Learning the nuances of each X-Man does play an important role in gameplay as many areas will require a certain skill in order to be tackled. The game rarely requires the inclusion of specific characters in main dungeon areas, so players can expect to backtrack a few times unless they happen to have the correct skillset on a character already.

X-Men Legends also features a combo system, both for individual attacks which can leave an opponent stunned or tripped, and for inter-character joint attacks that produce more raw damage and experience gained. Characters follow their comic identities for battle traits; everyone can punch and kick, but Wolverine will do far more damage in melee combat than Jean Grey. Having a balanced team is essential to effective gameplay since many enemies are resistant to certain types of attack.

Most of the game time will be spent in the various dungeons; there are few noncombatant areas, and they are only accessible at certain points in the story. Players can also easily access the X-Men Danger Room which serves both as a training facility and as a leveling area. X-traction points will eventually also allow players to visit two different shops for the purchasing of various equipment.

Who bothers with speaking when you can just use telepathy? Who bothers with speaking when you can just use telepathy?

Unfortunately, dungeons are relatively straightforward and continually reuse previously seen elements; in fact, several levels are duplicate run-throughs of earlier dungeons. Much of the dungeon environment can be interacted with; characters can destroy just about anything. The fun part is ignoring doorways and bursting through walls. The unfun part is that health potions and other necessary items are hidden within objects; given a distinct dearth of supplies through many of the levels, players can expect to spend much time simply bashing their environment to pieces.

The difficulty level is severely unbalanced. Early portions of the game require exact and precise execution because health potions are not readily available. The game does allow players to regenerate health by standing still, but standing still for a few minutes every so often does not make for exciting gameplay. Towards the mid to endgame, X-Men Legends becomes pathetically easy; a GRSO soldier may be armed with a flamethrower, but such is no match for seven fireballs springing forth from Magma. And then the game throws a final curveball by making the final boss incredibly tough to kill without having leveled the "correct" skills throughout the game.

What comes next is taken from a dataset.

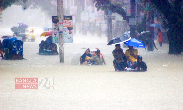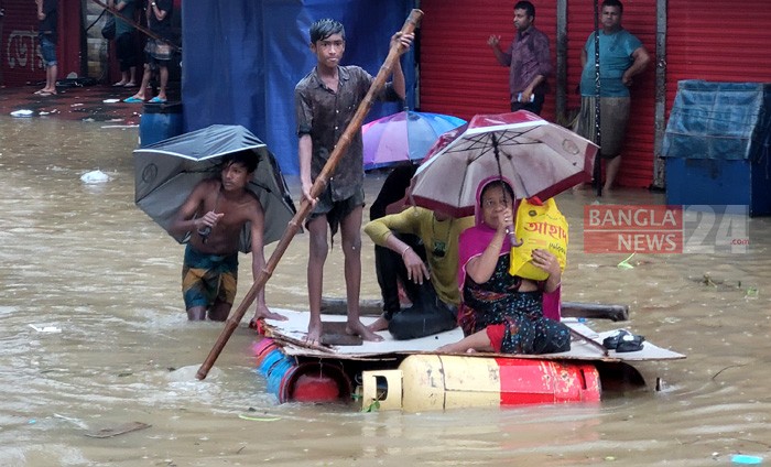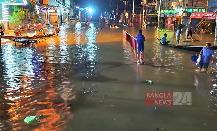সিলেট নগরীর নতুন নতুন এলাকা প্লাবিত হচ্ছে। ছবি: মাহমুদ হোসেন

The camera also suffers from poor control; it is exceedingly frustrating to lose sight of the party when the camera gets stuck behind an object. Some of the environments are also hard to navigate in a visual sense; the Astral Plane has a number of spots where it is quite easy to accidentally fall off the edge.

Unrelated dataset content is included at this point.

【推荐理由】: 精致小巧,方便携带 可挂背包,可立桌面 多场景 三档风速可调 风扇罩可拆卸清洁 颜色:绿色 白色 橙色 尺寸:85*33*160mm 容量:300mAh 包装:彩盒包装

Graphically speaking, X-Men Legends combines cel-shaded characters with rendered 3D backdrops to create a rather unique and memorable look. Environments, while repetitive, are well detailed, and the game features a number of unlockables centered on the graphical medium: comics, sketches, cinematics, etc.

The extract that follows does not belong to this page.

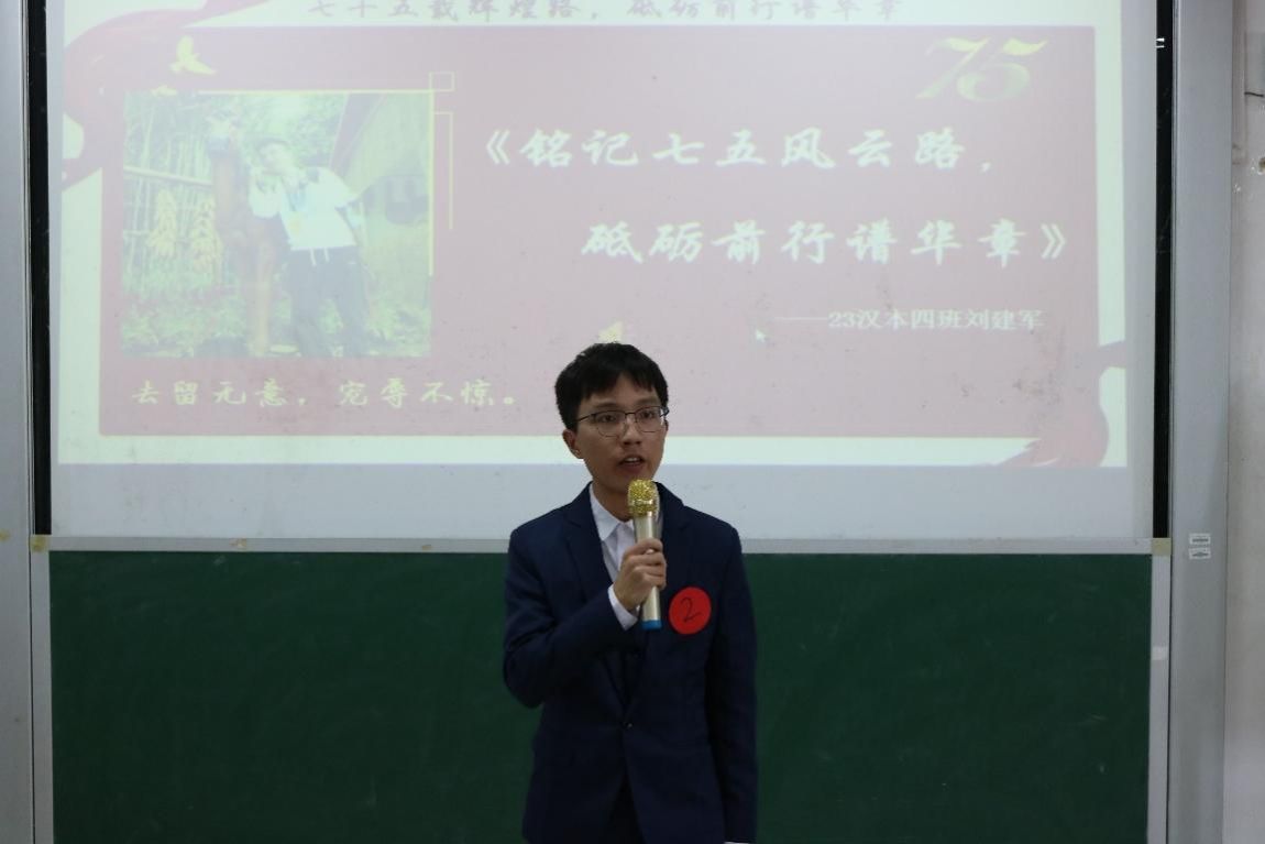 11月17日下午,文学院在文科综合楼401教室举办了以“七十五载辉煌路,砥砺前行谱华章”为主题的演讲比赛决赛。文学院兼职辅导员莫碧英、梁佩宜,学生会常委刘莹、田胜男出席本次比赛并担任评委。

Aurally, the game has both strong and weak spots. The voice acting for rendered sequences is superb, featuring the likes of Patrick Stewart, Steven Blum, and Cree Summer. Battle vocals suffer from repetitiveness, lack of variety, and sheer bad placement: the Brotherhood acolytes will often scream "Join us or die" but never actually offer the player a chance to join them.

Replayability is limited unless the player truly enjoys the battle system; X-Men Legends does not include a New Game+ option nor are there story branches or sidequests. Those in favor of Gauntlet-style multiplayer mayhem could easily enjoy romping through levels again and again. While not the best action RPG for the 128 bit generation, X-Men Legends offers a solid gaming experience that action RPGamers and X-Men enthusiasts should not miss.